Start of DATA BELOW
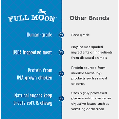 Full Moon treats are proudly made in the United States using regionally sourced ingredients, including USDA approved, antibiotic-free chicken
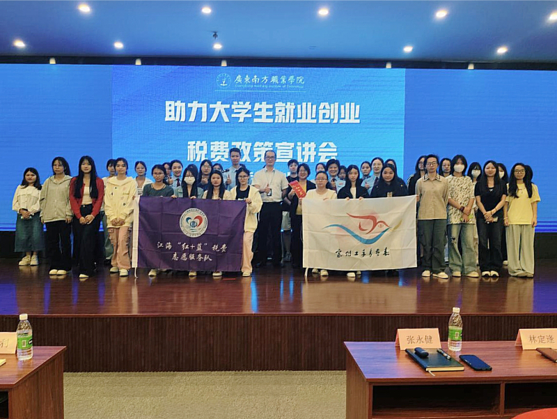 活动伊始,财经学院副院长汪国利代表学校致辞,对莅临现场的江门市税务局纳税服务中心的各位税务专业人员及全体同学致以诚挚欢迎。汪院长表示,毕业、就业与创业是同学们人生的关键转折点,而税费政策与个人未来发展紧密相连。他强调,本次活动是学校精心搭建的学习平台,旨在帮助同学们深入了解相关政策,为未来的职业发展与创业之路奠定坚实基础。
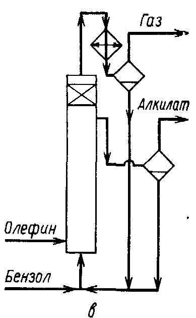 В нижнюю часть колонны подают сухой бензол и олефиновую фракцию, которая барботирует через жидкость, интенсивно ее перемешивая. Жидкая реакционная масса стекает через боковой перелив в сепаратор, где отстаивается более тяжелый каталитический комплекс, возвращаемый в низ алкилатора, а алкилат поступает на дальнейшую переработку
End of DATA BELOW
• _TASK ITEM_:
With the pictures left out, restate word for word every line of the data above, from the first down to the line that contains "活动伊始,财经学院副院长汪国".

• _RESULT_:
 Full Moon treats are proudly made in the United States using regionally sourced ingredients, including USDA approved, antibiotic-free chicken
 活动伊始,财经学院副院长汪国利代表学校致辞,对莅临现场的江门市税务局纳税服务中心的各位税务专业人员及全体同学致以诚挚欢迎。汪院长表示,毕业、就业与创业是同学们人生的关键转折点,而税费政策与个人未来发展紧密相连。他强调,本次活动是学校精心搭建的学习平台,旨在帮助同学们深入了解相关政策,为未来的职业发展与创业之路奠定坚实基础。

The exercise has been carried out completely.